We find ourselves in the living room of a St Louis apartment in the late 1930s, a fire escape curling up to the heavens and a small balcony the only sense of respite. It is unassuming and dour, everything that Amanda Wingfield is not. In her West End début, Cherry Jones is the perfect embodiment of the role. Born in the late 50s in Tennessee herself, she remembers the type of ladies on whom Williams based the character. Whether from her own personal life or nuanced interpretation, her Amanda is both overbearing and ostentatious while making her plight and personal struggles keenly felt. For me, she will always be this character and it was a masterful performance, Southern accent included.
Tom’s sister Laura unfurls herself from the sofa as if being pulled from the depths of his memory. As the ‘crippled’ sister whose future happiness depends on the prospect of a gentleman caller to eventually marry and care for her, Kate O’Flynn gives a nuanced and delicate performance. Her body language is suffocating and self-deprecating even when she has no lines, and her development as a character is both beautiful and heart-breaking to watch. She is delicate like her singular unicorn in the titular glass menagerie but also broken from inside; her shuffling gait and laboured lines as if respite would only come from the ground below her feet consuming her as the sofa does.
There is no weak performance in this 4-character play not least the second act in which the fabled gentleman caller (Brian J Smith) becomes an actual reality, and he and Laura’s interaction holds our attention. The subtlest of movement, the slightest change in intonation draws the audience in and charts Laura slowly but surely being drawn out of her shell. As he remembers her from high school (she earlier declaring he was likely the only man she ever loved), their relationship quickly progresses and their kiss drew audible intakes of breath from the audience. How fast it all falls apart again only serves to further demonstrate how invested the family are in an external force to alter their situation, how abandoned and desolate they feel, how left behind the women are.

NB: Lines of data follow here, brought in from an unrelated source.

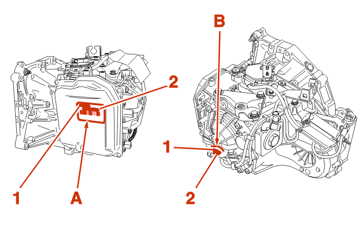 The automatic gearbox is identified by a self-adhesive label (A) or an engraving (B) :
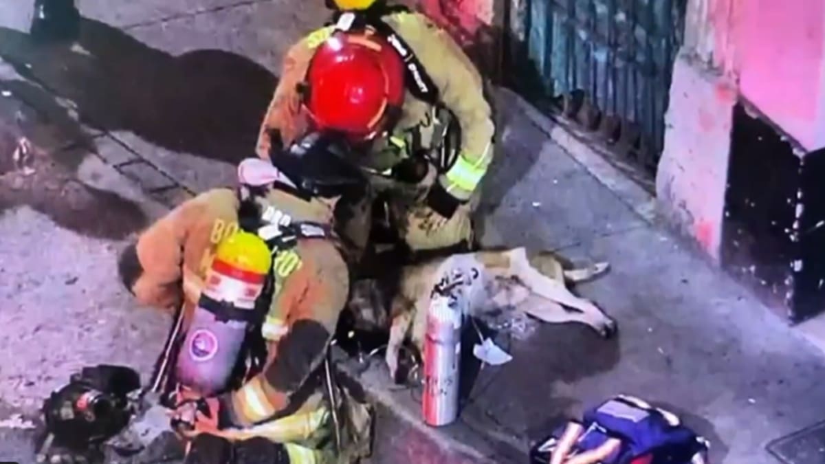 Durante la intervención, los bomberos realizaron un emotivo rescate de un perro que se encontraba atrapado dentro del establecimiento y logró ser sacado con vida tras varios minutos de maniobras.
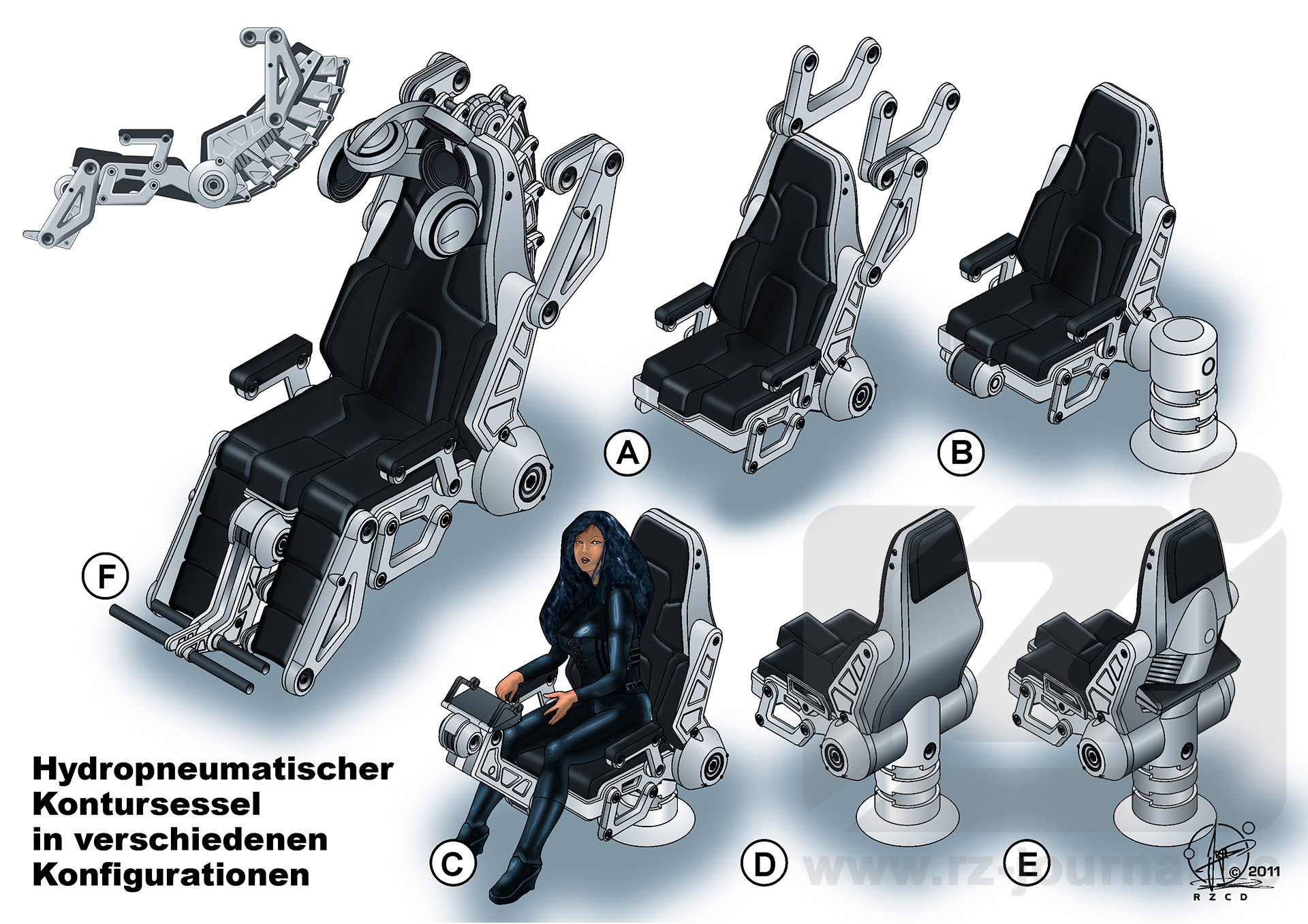 Bild E zeigt die erweiterte Modellvariante. Eine Positronik an der Rücklehne des Sessels ermöglicht eine Kommunikation mit der Bordkombination oder dem SERUN des oder der sitzenden Person; auf diese Weise können über die Weitergabe der individuellen Grunddaten die Grundfestigkeit des Gels und der Dämpfer im Voraus an Körpergröße, Gewicht und anatomische Besonderheiten angepasst werden.
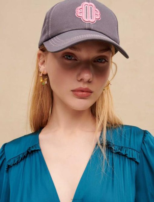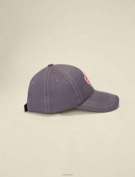 הכובע האפור הזה ב-100% כותנה מרופד. הוא מעוטר בלוגו תלתן רקום בצבע סגול. התאם אותו באמצעות סקוטש מאחור.

Having studied the play at school, one notable absence in this production comparative to the original is the use of a screen to project imagery and text to enhance the action of the play. This set up always felt jarring with the perceived naturalistic style of the play, however in its place director John Tiffany has included his signature focus on choreography. At first perhaps unexpected, we become comfortable with the lack of props, imaginary meals, lyrical interpretation of the simplest actions and the consideration of space and movement between the characters. The use of lighting and twinkling fairy lights to surround the island-esque space of the apartment when Laura surveys her glass animals serves both to isolate the family and bring them together as a unit. Their wishing on the moon shows a sense of wistful hopefulness and a despair that is shared by all of them.
As Tom opens the play, he likens himself to a stage magician who gives us the “truth in the pleasant disguise of illusion”, and perhaps that’s really what any theatre production is. But this one in particular, is one that is worth getting lost in to allow us to explore some of our own inner truths.